Extracted data entries:

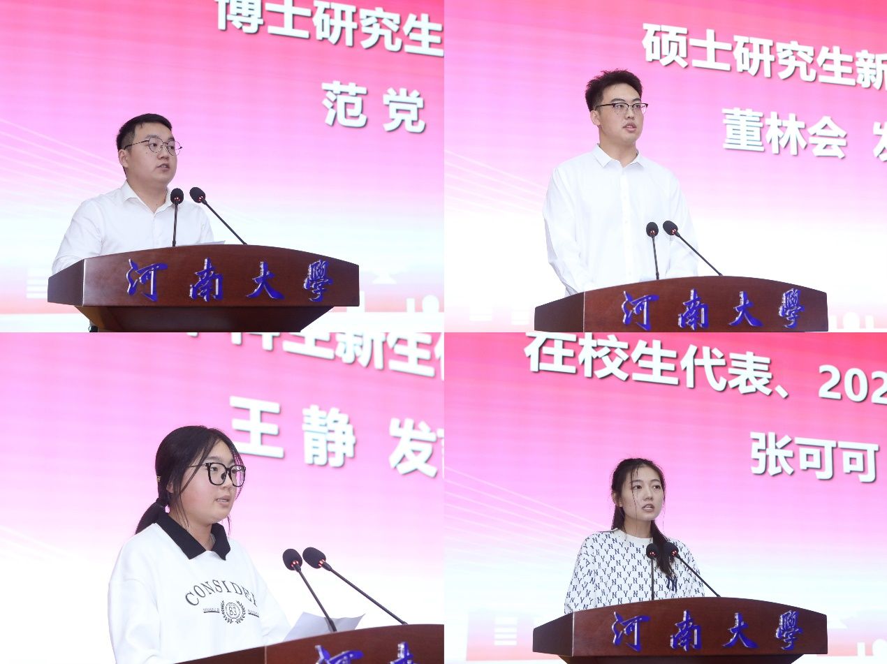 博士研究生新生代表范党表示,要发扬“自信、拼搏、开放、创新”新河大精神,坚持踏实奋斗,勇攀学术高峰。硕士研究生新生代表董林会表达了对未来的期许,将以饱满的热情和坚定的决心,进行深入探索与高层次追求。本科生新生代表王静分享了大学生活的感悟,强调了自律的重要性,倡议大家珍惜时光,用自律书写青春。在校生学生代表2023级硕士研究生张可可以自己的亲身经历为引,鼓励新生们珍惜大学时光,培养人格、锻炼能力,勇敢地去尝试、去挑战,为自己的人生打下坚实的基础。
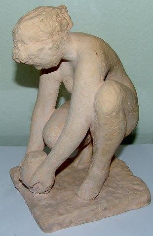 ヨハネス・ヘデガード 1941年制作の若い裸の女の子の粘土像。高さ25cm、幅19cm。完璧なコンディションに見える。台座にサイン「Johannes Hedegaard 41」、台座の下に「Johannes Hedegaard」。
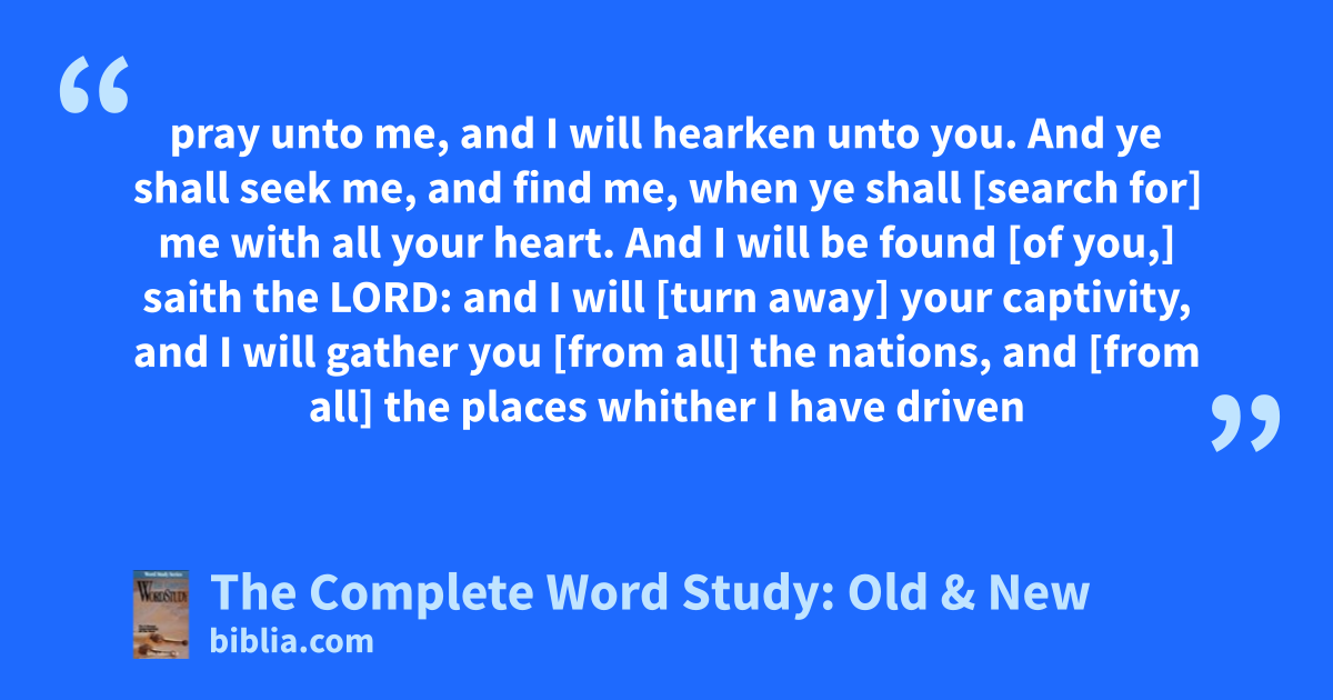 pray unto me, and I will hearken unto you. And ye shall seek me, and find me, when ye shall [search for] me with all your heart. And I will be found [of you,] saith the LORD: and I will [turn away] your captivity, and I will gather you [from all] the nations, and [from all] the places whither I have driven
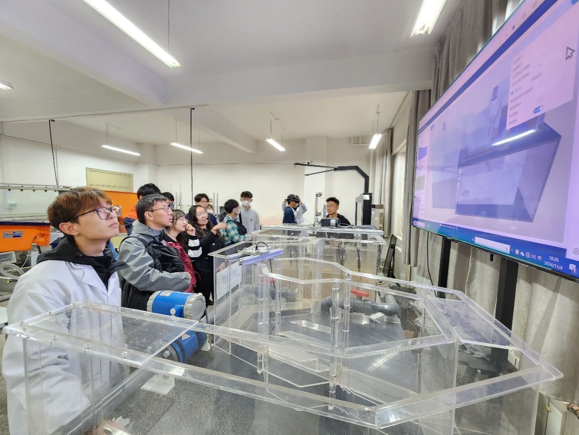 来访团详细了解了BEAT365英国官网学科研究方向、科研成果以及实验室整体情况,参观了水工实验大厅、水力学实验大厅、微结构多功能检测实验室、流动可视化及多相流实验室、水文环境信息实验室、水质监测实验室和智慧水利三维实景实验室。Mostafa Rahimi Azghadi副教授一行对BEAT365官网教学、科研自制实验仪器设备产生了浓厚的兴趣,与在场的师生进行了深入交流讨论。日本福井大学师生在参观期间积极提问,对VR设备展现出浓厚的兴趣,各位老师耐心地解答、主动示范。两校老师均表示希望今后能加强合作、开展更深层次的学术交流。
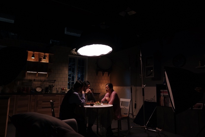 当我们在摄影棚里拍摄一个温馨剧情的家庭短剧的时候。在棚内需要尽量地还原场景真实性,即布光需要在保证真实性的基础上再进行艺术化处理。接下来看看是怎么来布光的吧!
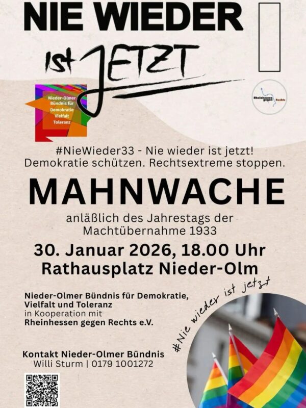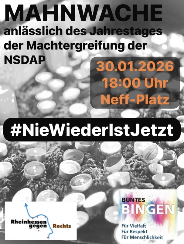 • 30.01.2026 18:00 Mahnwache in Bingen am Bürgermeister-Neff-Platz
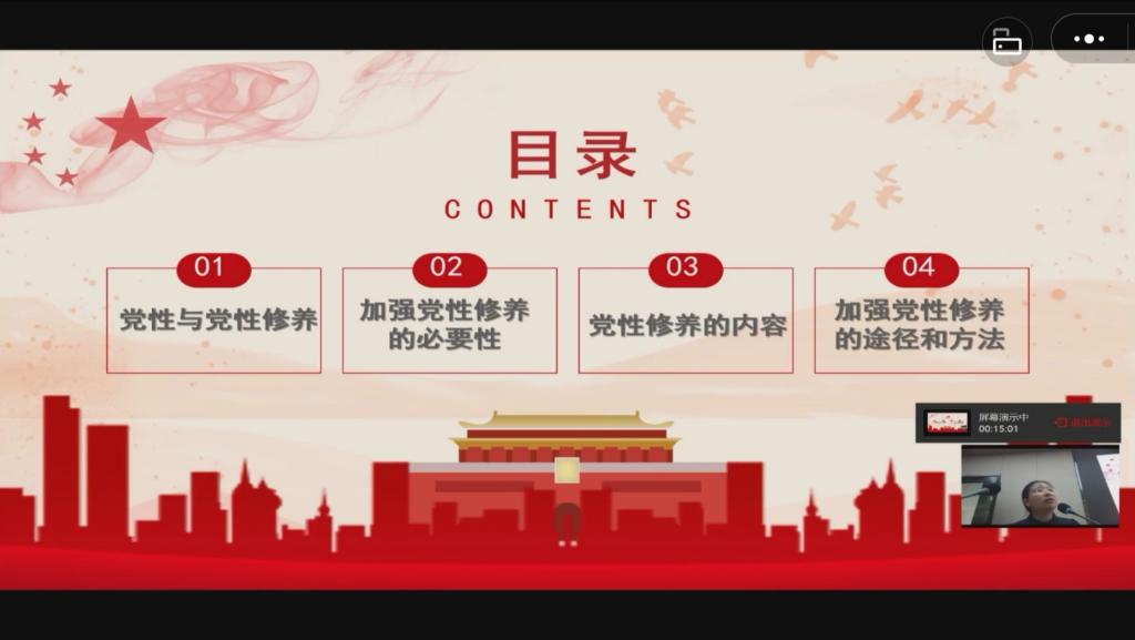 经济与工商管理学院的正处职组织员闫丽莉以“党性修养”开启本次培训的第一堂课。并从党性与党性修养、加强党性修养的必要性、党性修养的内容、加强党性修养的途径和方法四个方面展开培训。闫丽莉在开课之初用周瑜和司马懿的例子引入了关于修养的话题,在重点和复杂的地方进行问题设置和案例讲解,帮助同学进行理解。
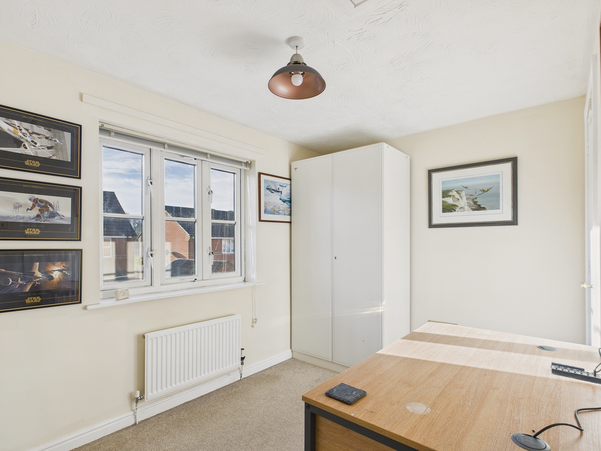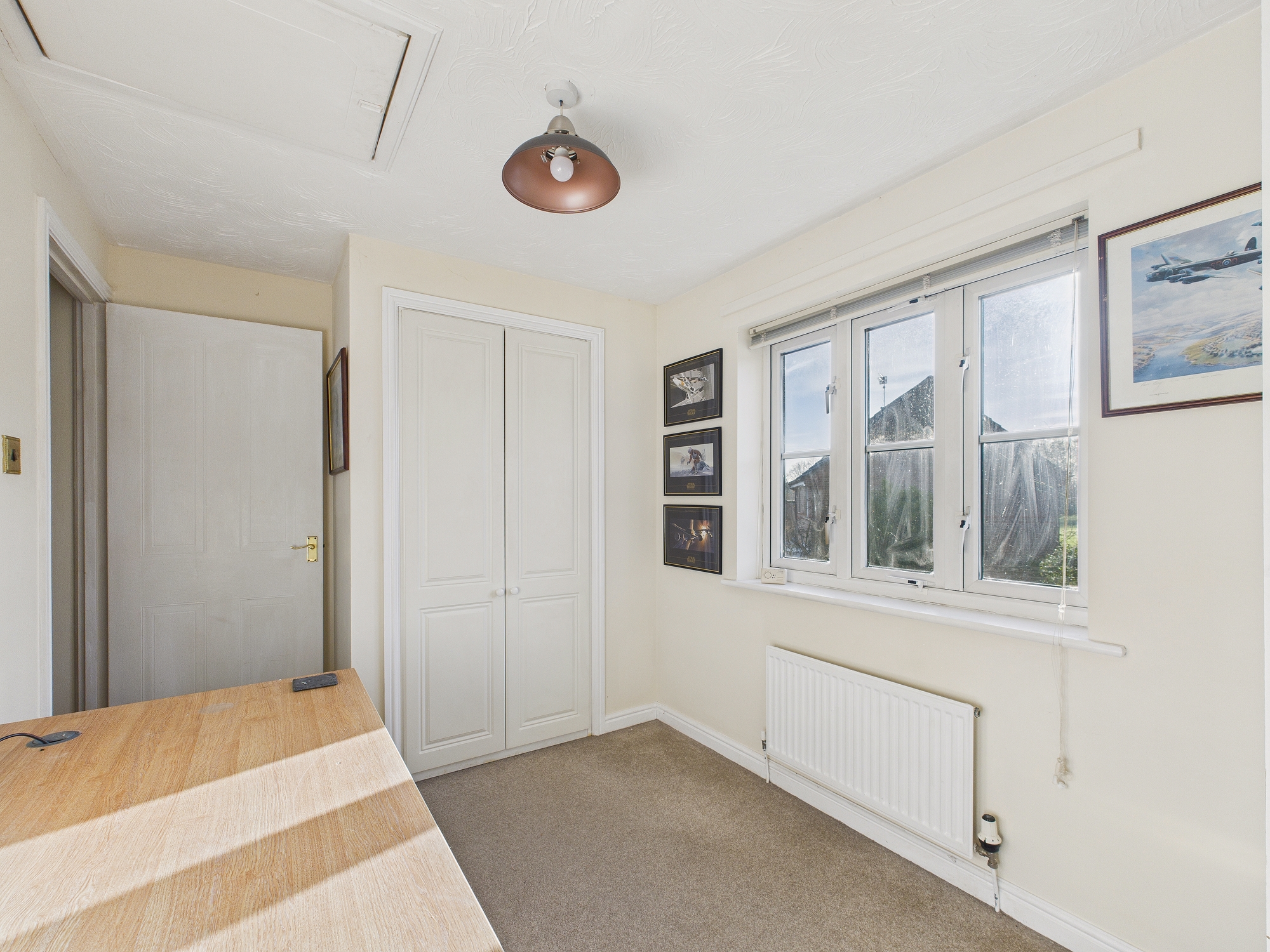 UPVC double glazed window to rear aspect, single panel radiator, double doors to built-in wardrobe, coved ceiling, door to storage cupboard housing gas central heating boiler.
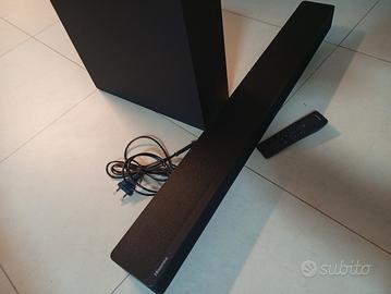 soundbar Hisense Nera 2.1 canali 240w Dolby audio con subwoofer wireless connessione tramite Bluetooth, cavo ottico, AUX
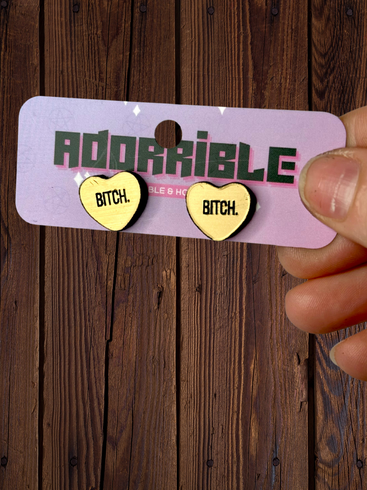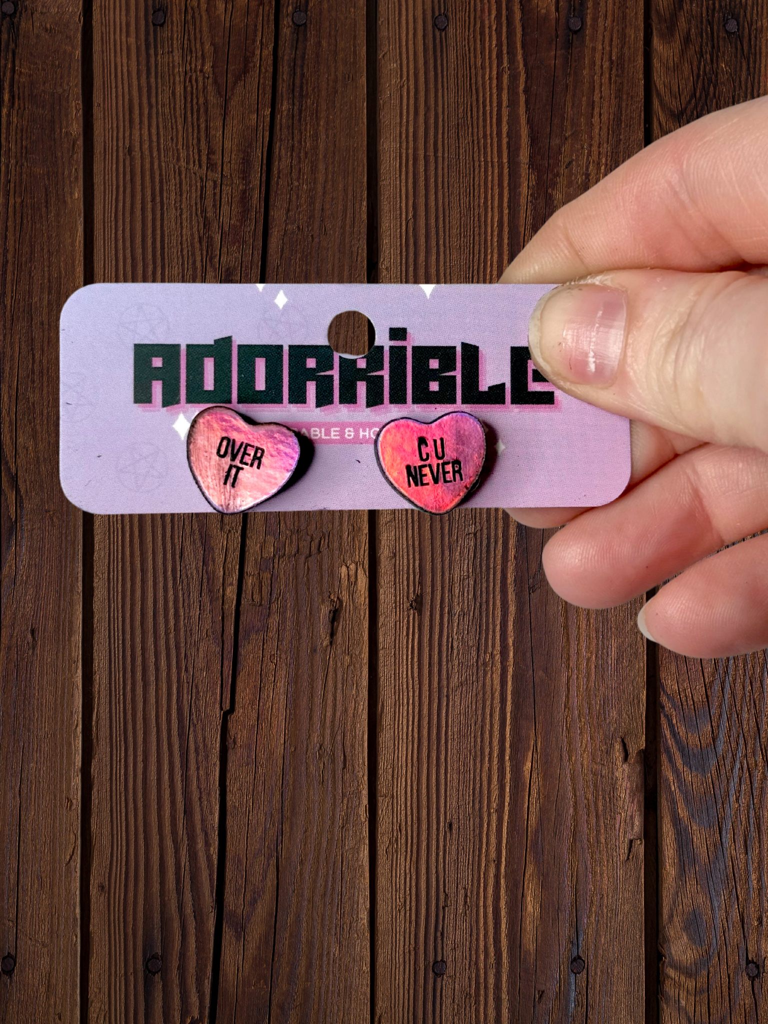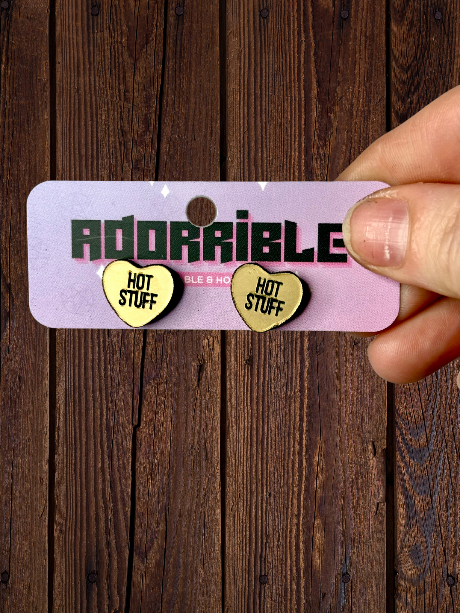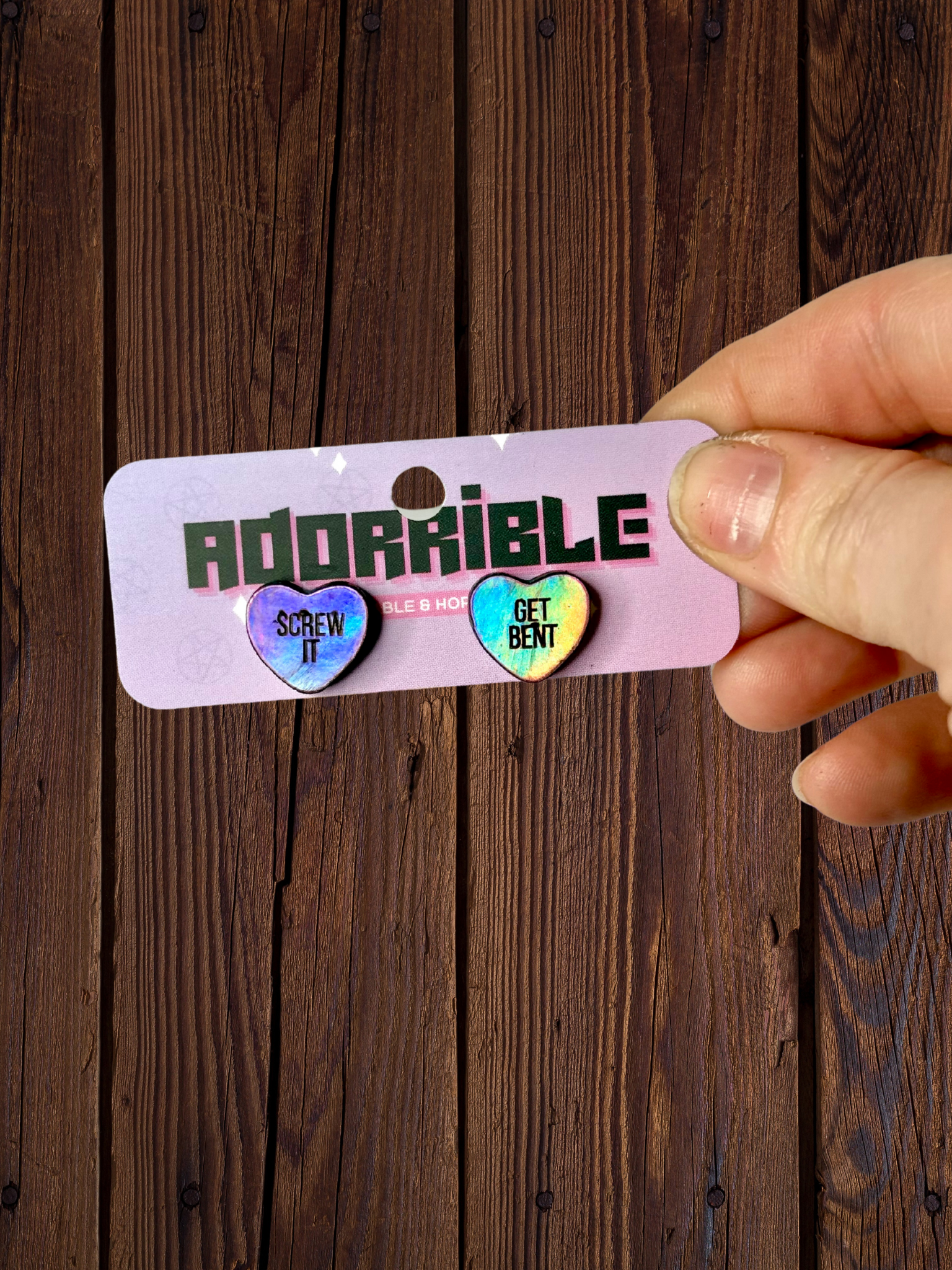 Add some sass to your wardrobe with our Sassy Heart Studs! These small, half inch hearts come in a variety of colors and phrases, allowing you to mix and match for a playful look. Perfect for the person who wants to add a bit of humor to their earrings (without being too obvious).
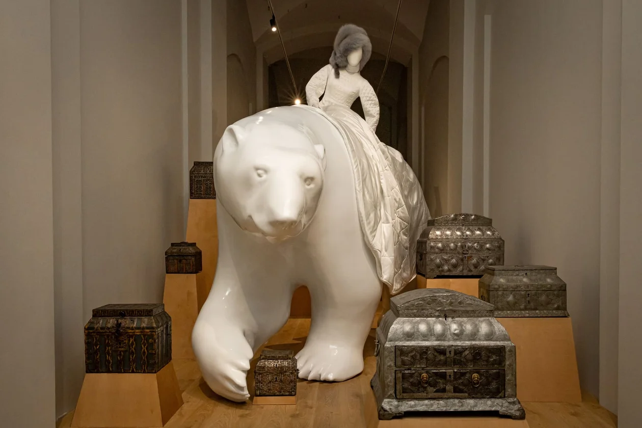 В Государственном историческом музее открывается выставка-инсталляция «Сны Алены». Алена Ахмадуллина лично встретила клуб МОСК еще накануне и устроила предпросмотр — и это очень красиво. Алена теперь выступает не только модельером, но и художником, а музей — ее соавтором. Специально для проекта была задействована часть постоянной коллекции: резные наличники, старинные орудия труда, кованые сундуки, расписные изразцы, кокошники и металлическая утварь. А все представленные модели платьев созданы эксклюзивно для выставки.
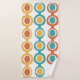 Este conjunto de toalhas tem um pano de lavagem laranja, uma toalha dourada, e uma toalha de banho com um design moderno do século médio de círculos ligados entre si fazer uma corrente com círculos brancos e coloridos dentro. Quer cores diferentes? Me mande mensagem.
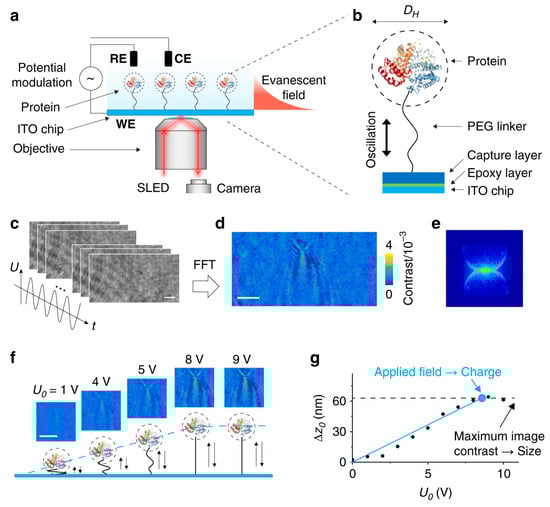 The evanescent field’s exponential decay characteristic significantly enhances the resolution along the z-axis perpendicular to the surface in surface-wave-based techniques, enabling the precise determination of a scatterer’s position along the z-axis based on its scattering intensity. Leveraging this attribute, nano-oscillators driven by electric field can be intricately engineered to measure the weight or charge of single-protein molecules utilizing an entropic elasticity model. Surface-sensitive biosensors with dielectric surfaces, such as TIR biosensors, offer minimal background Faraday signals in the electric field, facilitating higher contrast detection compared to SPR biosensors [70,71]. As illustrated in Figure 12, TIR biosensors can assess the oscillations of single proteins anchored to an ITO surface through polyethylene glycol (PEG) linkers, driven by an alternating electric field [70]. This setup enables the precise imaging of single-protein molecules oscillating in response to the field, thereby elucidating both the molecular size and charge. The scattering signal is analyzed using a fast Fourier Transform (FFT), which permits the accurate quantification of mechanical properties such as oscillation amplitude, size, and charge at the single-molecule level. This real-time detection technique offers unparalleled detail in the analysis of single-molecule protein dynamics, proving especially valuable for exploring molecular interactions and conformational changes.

WHAT THE TASK ASKS: Exactly the lines above from the one that contains "Bingen am Bürgermeister-Neff-Platz" down to the one that contains "Add some sass" are to be output, both ends kept and pictures omitted.

ANSWER AREA:
 • 30.01.2026 18:00 Mahnwache in Bingen am Bürgermeister-Neff-Platz
 经济与工商管理学院的正处职组织员闫丽莉以“党性修养”开启本次培训的第一堂课。并从党性与党性修养、加强党性修养的必要性、党性修养的内容、加强党性修养的途径和方法四个方面展开培训。闫丽莉在开课之初用周瑜和司马懿的例子引入了关于修养的话题,在重点和复杂的地方进行问题设置和案例讲解,帮助同学进行理解。
 UPVC double glazed window to rear aspect, single panel radiator, double doors to built-in wardrobe, coved ceiling, door to storage cupboard housing gas central heating boiler.
 soundbar Hisense Nera 2.1 canali 240w Dolby audio con subwoofer wireless connessione tramite Bluetooth, cavo ottico, AUX
 Add some sass to your wardrobe with our Sassy Heart Studs! These small, half inch hearts come in a variety of colors and phrases, allowing you to mix and match for a playful look. Perfect for the person who wants to add a bit of humor to their earrings (without being too obvious).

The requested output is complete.